B2B SaaS growth plays, right in your inbox
Happy Sunday 👋
Three reads to think about this week:
AI app marketplaces are the new distribution layer
How Notion turned organic product love into a marketing engine
The GTM guide to building SaaS channel partnerships
Let's dive in!
Ian at SaaS Weekly
THIS WEEK IN SAAS
Interesting LinkedIn posts and industry news
Welp…there goes the PLG CRM category
Brendan Short, The Signal
Brendan Short put together a recap of the PLG CRM wave: 14 startups, $150M+ in venture funding, and, as of Pocus joining Apollo last week, zero still operating independently in the category.
Every company either pivoted, wound down, or got acquired at a fraction of its raise. Toplyne returned capital to investors. According to Brendan, two founders cited the "PLG CRM" label itself as a dealbreaker with enterprise buyers.
I'll be honest: I haven’t heard of any of these companies (maybe Pocus once, because I came across their blog while sourcing content), and I’m not too familiar with the space.
But I'm curious whether this is a pattern across other categories. I'd love to see someone run a report on how many GTM tools ended up getting absorbed into the platforms they were built around – feels like the stack is quietly consolidating.
AI app marketplaces are the new distribution layer
Adam Schoenfeld, Adam's GTM Report
Thought this was pretty cool: Adam Schoenfeld has been tracking every app listed on the Claude and ChatGPT marketplaces – 445 total as of mid-March, with 84 added in the first two weeks alone!
Claude skews heavily B2B, covering GTM, legal, finance, and dev tools, while ChatGPT leans consumer with Instacart, DoorDash, and Uber Eats leading the way.
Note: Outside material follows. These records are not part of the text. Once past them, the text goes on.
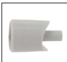
Stacking Buffers with peg to put on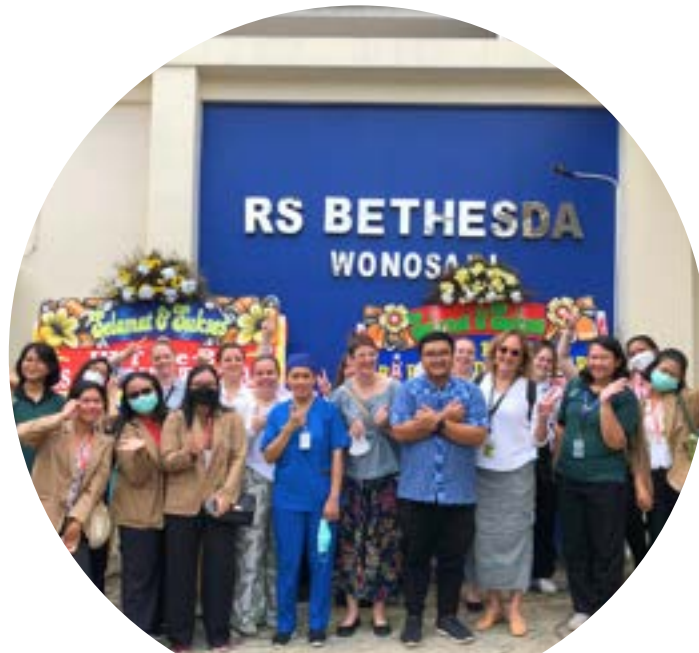
Visit healthcare centers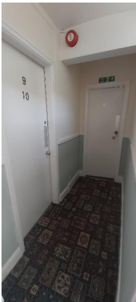
Rooms 9/10, 11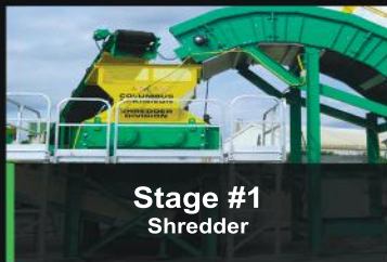
Stage #1 Shredder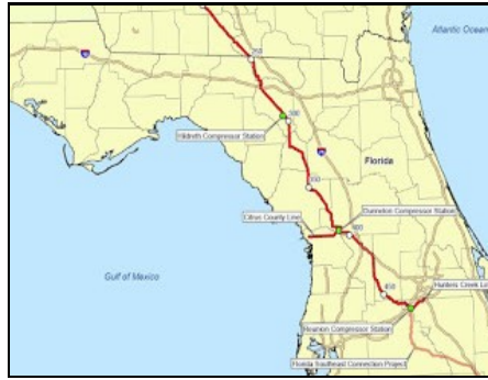
Proposed route of pipeline in Florida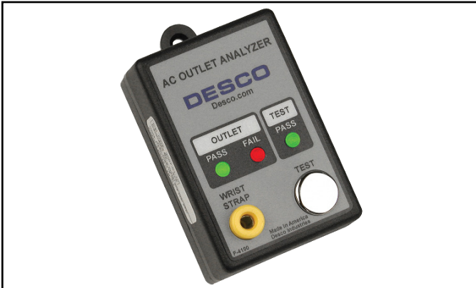
Figure 1. Desco 98132 AC Outlet Analyzer and Wrist Strap Tester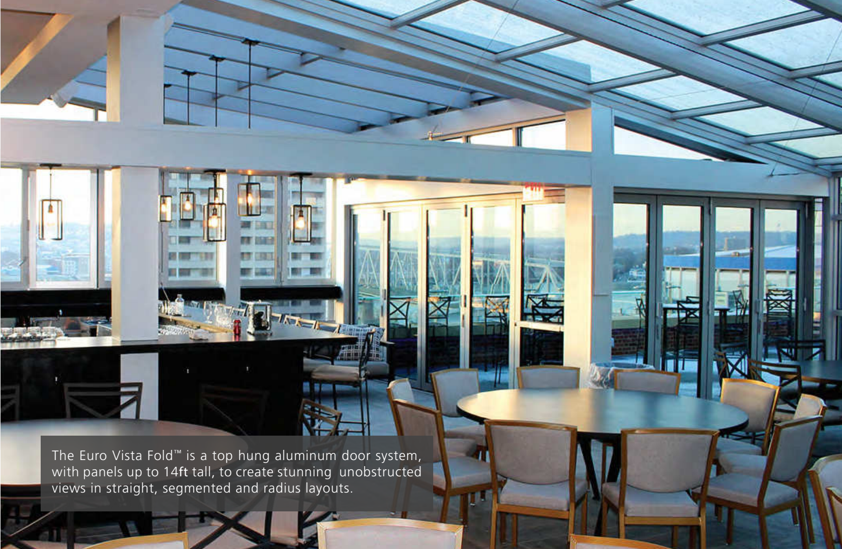
The Euro Vista Fold™ is a top hung aluminum door system, with panels up to 14ft tall, to create stunning unobstructed views in straight, segmented and radius layouts.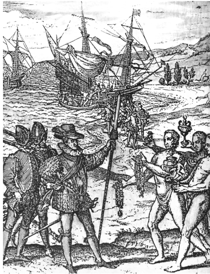
DeBry engraving of Columbus trading with the natives.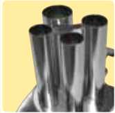
Stainless steel long vegetable hopper (optional)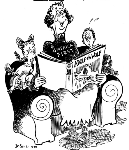
Seuss, Dr., PM Magazine, October 1, 1941

... and the Wolf chewed up the children and spit out their bones ... But those were Foreign Children and it really didn't matter."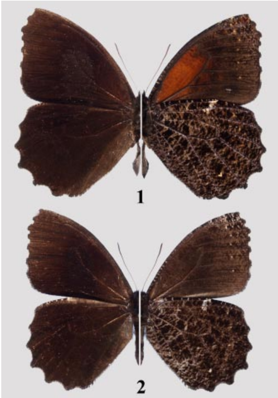
1, 2. Adults (males, dorsum/venter): 1 - Pedaliodes puma puma (Carcel Punco, Puno), 2 - Pedaliodes puma ernsti (paratype)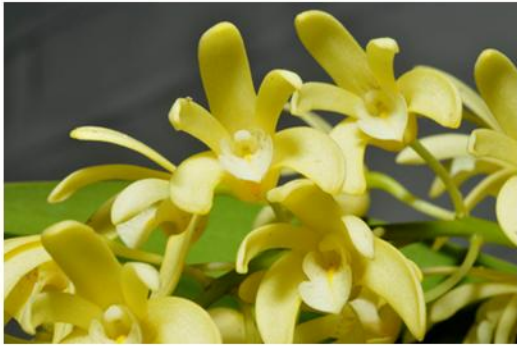
Dendrobium x gracilicaule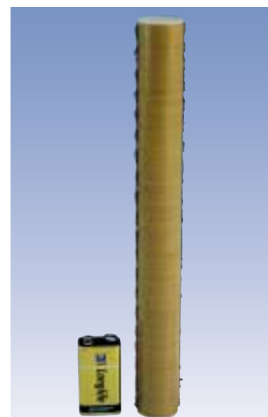
Custom PICA-Stack actuator with 350 µm displacement.

PI offers a wide range of control electronics for piezo actuators (see page 28 and www.pi.ws ) from low-power drivers to multi-channel, closed-loop, digital controllers. Of course, PI also designs custom amplifiers and controllers.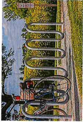
Steel Bike Rack (6 Bikes) by Kay Park & Recreation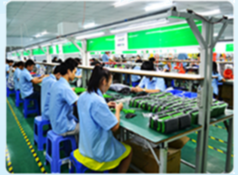
connector production line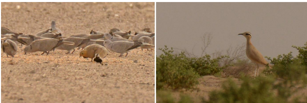
Left: Black-crowned Finch Lark; right: Cream coloured Courser at Saih al Salam (general area); © Jan van der Laan.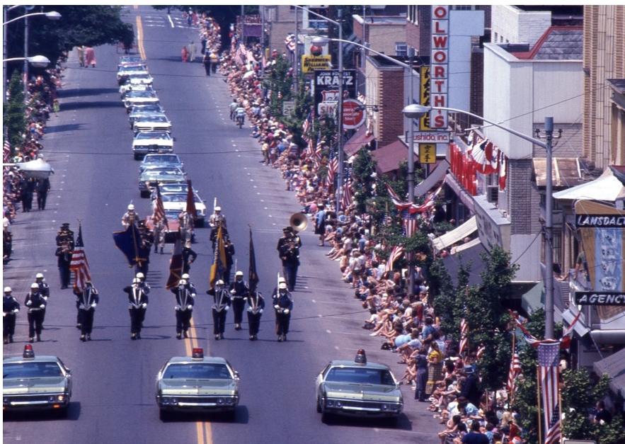
PARADES, PAGEANTS and more attracted tens of thousands of spectators.

There is no admission charge to the program, but, as always, donations are greatly appreciated.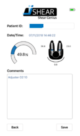
Figure 8: iShear measurement Vicair Adjuster O2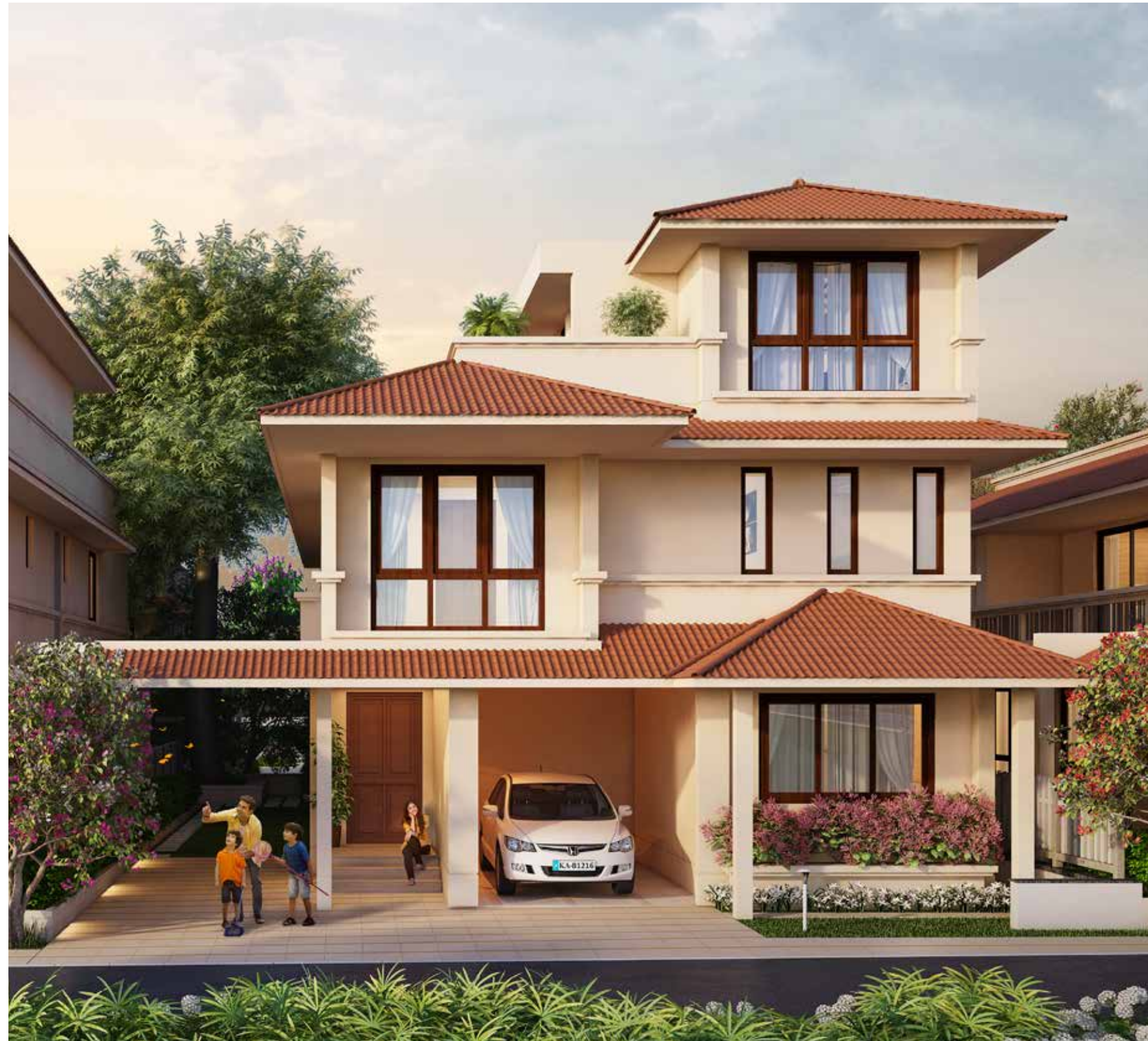
The villa elevation, facade treatment, door & window frames, colour, landscaping, people and car shown are purely indicative and for representation purposes only.

WEST FACING - 45'11" x 75'0" (14M x 22.86M)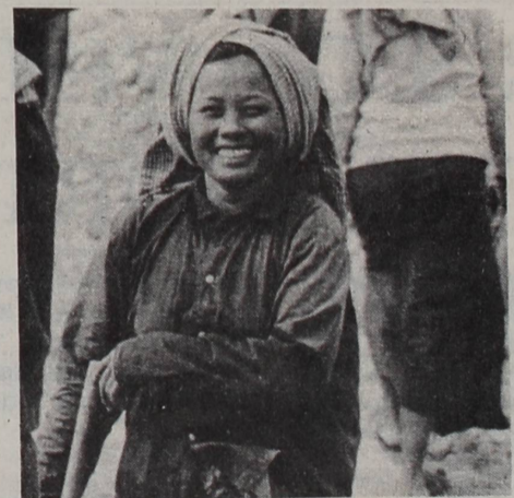
Before the carnage?

Silence could be interpreted as acceptance of aggression and invasion. An international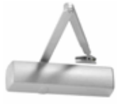
8735 - Rack & Pinion Door Closer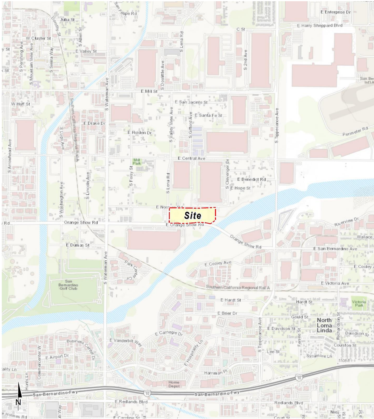
EXHIBIT 1-A: LOCATION MAP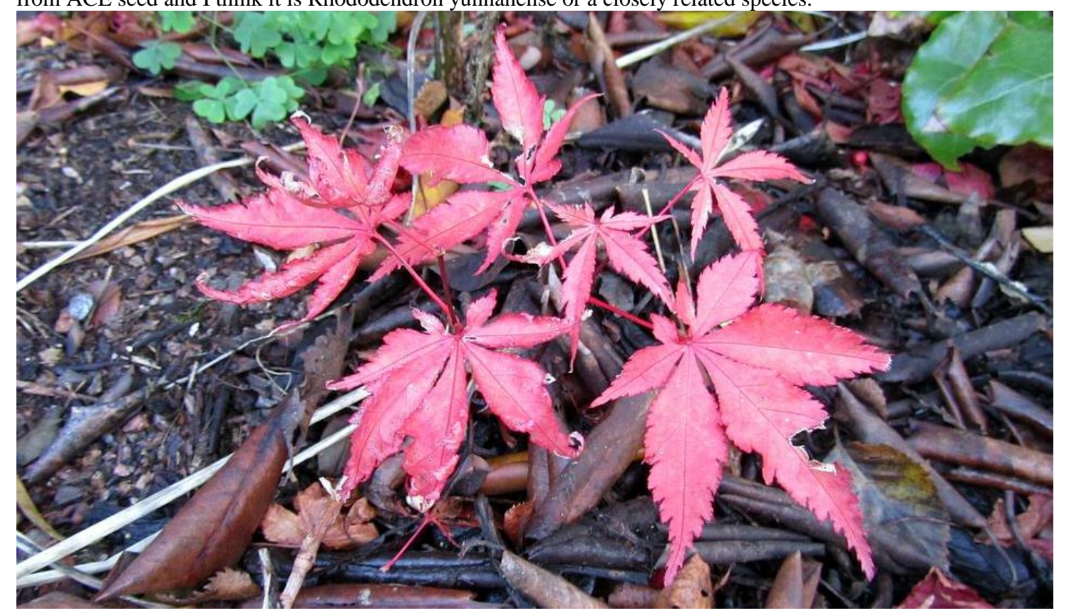
Sometimes seedlings just appear in the garden like this Acer seedling with bright red autumn colour that I found as I was clearing away the fallen leaves. I found another, shown below, one nearby.

For the most part Rhododendrons are not often associated with autumn coloured leaves but many will provide a colourful display. Although we call them evergreen the leaves do not last for ever - some leaves like those above last a little over a year turning colour and shedding in the autumn after the new growth leaves have established. Other evergreen species of Rhododendron hold onto their leaves for one, two or three years before they are shed. The colour in this species is further enhanced by the attractive red stems of the new growth. We grew this plant from ACE seed and I think it is Rhododendron yunnanense or a closely related species.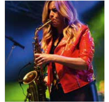
→ Jazz rally | Top acts and good times

Whether you like barbecuing on the beach on the Rhine or eating a Kobe steak at an exclusive restaurant, Düsseldorf has something for everyone to enjoy – with their friends and colleagues. Some say that you should "never mix business and pleasure". That's not Düsseldorf. Here, everyone should enjoy what the city has to offer – whether on or off the job.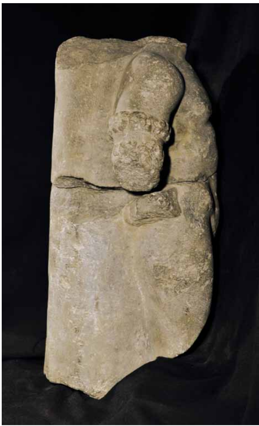
FIG. 2. Cairo, Egyptian Museum, Basement Register N. 967.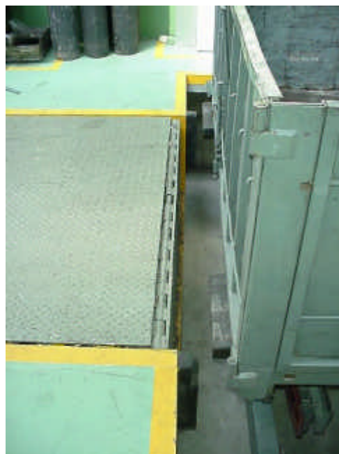
Leveller fully lowered in rest position - lip in "keepers"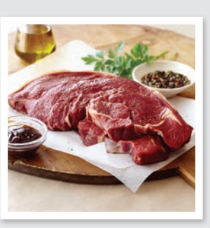
Beef rump steak

The following cuts also work well in this recipe.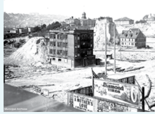
Denny Regrade The last phase of the Denny Regrade leveled a substantial hill that once stood between Downtown and Lake Union.

2000s Work underway to create a dense mixed-use community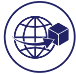
Trading & Logistics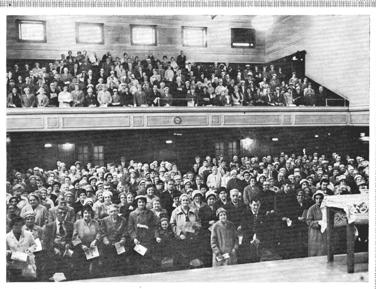
PART OF THE GREAT CONGREGATION WHICH FILLED SOUTH GOVAN TOWN HALL FOR THE OPENING NIGHT OF THE CRUSADE. (See page 594)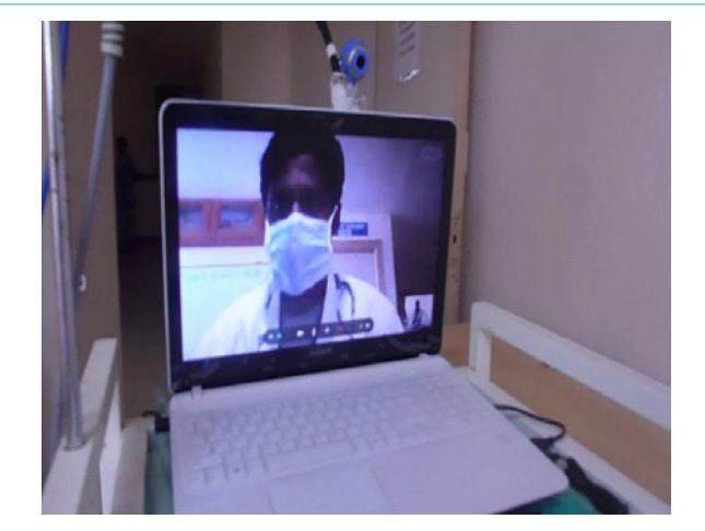
Figure 4: Consultant giving tele- emergency consultation.

path, especially, where there are a limited number of board-certified specialty care givers. It is user friendly, cost effective helps in early initiation of treatment, and frequent interaction and updates with consultants and experts.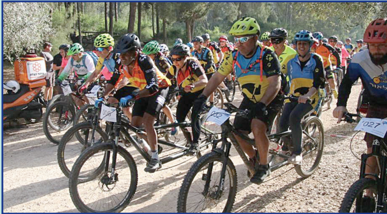
Tandem bikers at the starting line

❁ A three-day tandem bike ride took place this spring as dozens of couples (including a sighted rider teamed with a blind rider) biked from Netanya on the Mediterranean coast to the Institute in Jerusalem.

Only 51 companies have a dual presence on both.
If you're a B2B SaaS company shipping an MCP, you should be listed on these marketplaces. Otherwise, you're building the connector layer without capturing the distribution.
FROM THE TRENCHES
Perspectives from industry operators
Aligning messaging styles to the right audience
Creative messaging | Mike Northfield, Artifacts of Influence

For a long time, I followed the traditional demand-gen philosophy of focusing most of my efforts on buyers at the ‘bottom of the funnel’. Often only thinking about the rational case in my marketing campaigns: features, proof points, ROI arguments, etc.
And it felt pretty logical. Except, I’ve realized now that this approach neglects a giant swath of future buyers (and growth potential).
At any given moment, 60+% of your potential buyers aren't looking for a solution at all. They’re in what Stein and 6Sense call the Dead Zone.
The research that reshuffled my thinking comes from Kahneman's System 1 & System 2 framework applied to buying behavior.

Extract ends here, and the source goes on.